Differential neuropeptide Y gene expression in post-mitotic versus dividing neuroblastoma cells driven by an adeno-associated virus vector

The ability to express exogenous mammalian genes stably in post-mitotic cells such as neurons remains an important goal for those attempting to modulate neurotransmission through gene delivery. We therefore investigated how differentiation to a post-mitotic state affected the expression of an exogenous gene encoding for neuropeptide Y (NPY) following transfection with an adeno-associated virus (AAV) derived vector. This vector (pJDT95npy) was constructed with rat NPY cDNA (551 bp) inserted downstream from the indigenous AAV p5, p19 and p40 promoters to characterize their relative abilities to drive NPY mRNA expression. Transfection of dividing neuroblastoma CHP126 cells with pJDT95npy resulted in the differential expression of chimeric NPY mRNAs derived from each promoter. P40-driven species became dominant after 1 month post-transfection. Vector integration into chromosomal DNA was demonstrated by Southern blot analyses, indicating at least some region-selective integration. In dividing cell extracts, only a low level of pro-NPY immunoreactivity and no mature NPY immunoreactivity was recovered. However, after differentiation of the pJDT95npy-transfected CHP 126 cells to a post-mitotic state, significant levels of pro-NPY and mature NPY were recovered in the cells and media. Differentiation also had a time-dependent effect on mRNA expression: a spike of p5 driven expression on day 3 was followed predominantly by p40-driven expression on day 5. This study indicates that AAV-derived vectors using the p40 promoter may be used to express genes in post-mitotic cells such as neurons.
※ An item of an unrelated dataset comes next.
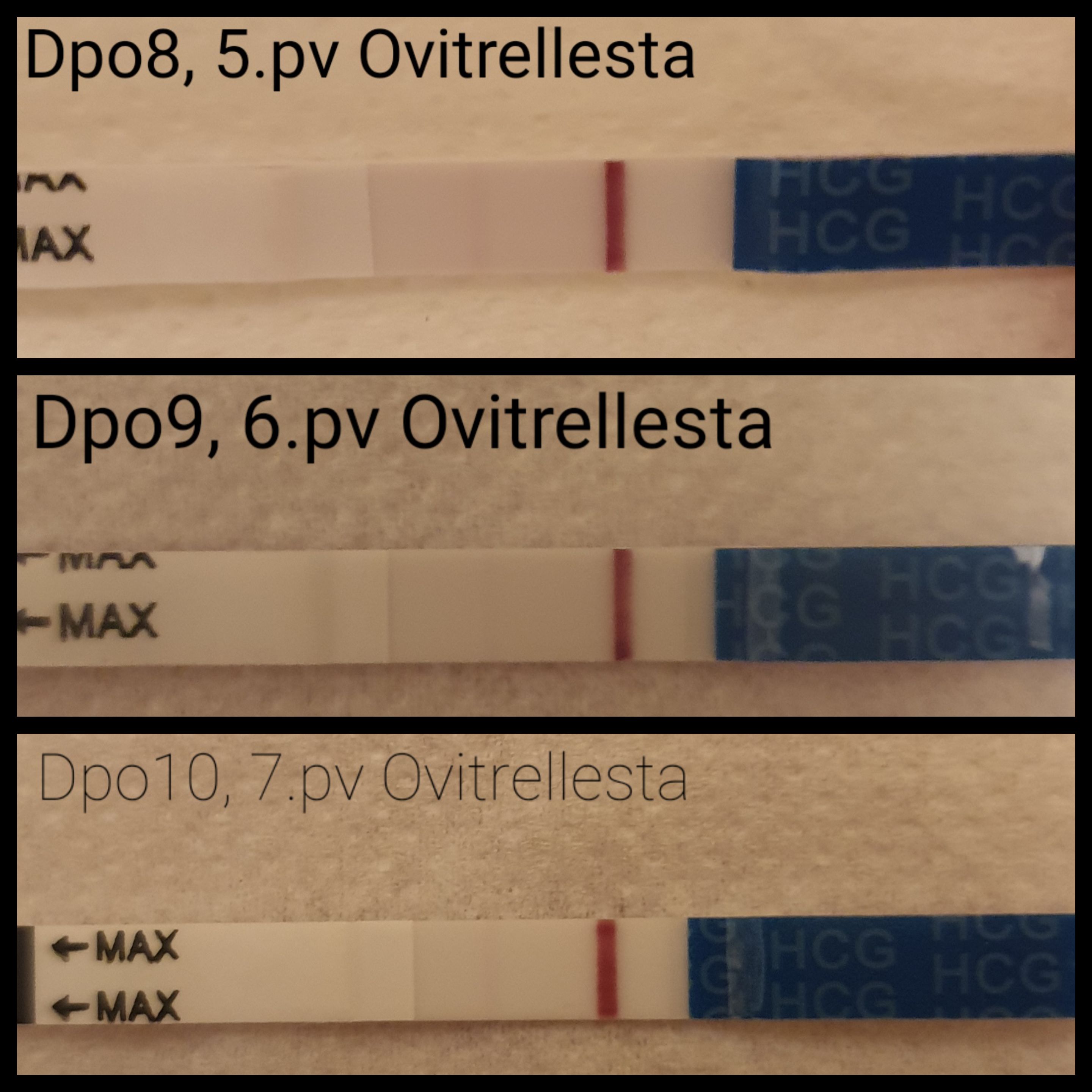 TÀÀllÀ ei muuta raportoitavaa, kuin ettÀ hitaasti tosiaan haalenee Ovitrelle r-testissÀ. Kollaasi:

Differential adenoassociated virus vector-driven expression of a neuropeptide Y gene in primary rat brain astroglial cultures after transfection with Sendai virosomes versus Lipofectin

The ability of Sendai virosomes or Lipofectin to introduce an AAV vector into primary rat brain astroglial cultures was characterized. The pJDT95npy vector was constructed by inserting rat NPY cDNA downstream from the indigenous AAV p5, p19 and p40 promoters in pJDT95. Lipofectin-mediated transfection with pJDT95npy (10 micrograms) resulted in pronounced expression of several NPY mRNA species: p5-driven (3.3 kb), p19-driven (2.7 kb) and p40-driven (0.6, 0.8, 1.1, and 1.8 kb). Exposure to virosomally encapsulated pJDT95npy (50 or 100 ng) resulted in transient expression of some p40-driven mRNA species (0.8 and 1.8 kb). Neither method produced astroglia cells which synthesized mature NPY immunoreactivity. This demonstrates that an AAV-derived vector can drive gene expression in astroglia, that Sendai virosomes can infuse vectors into astroglia, but that the amount of DNA infused in this manner may limit long term expression.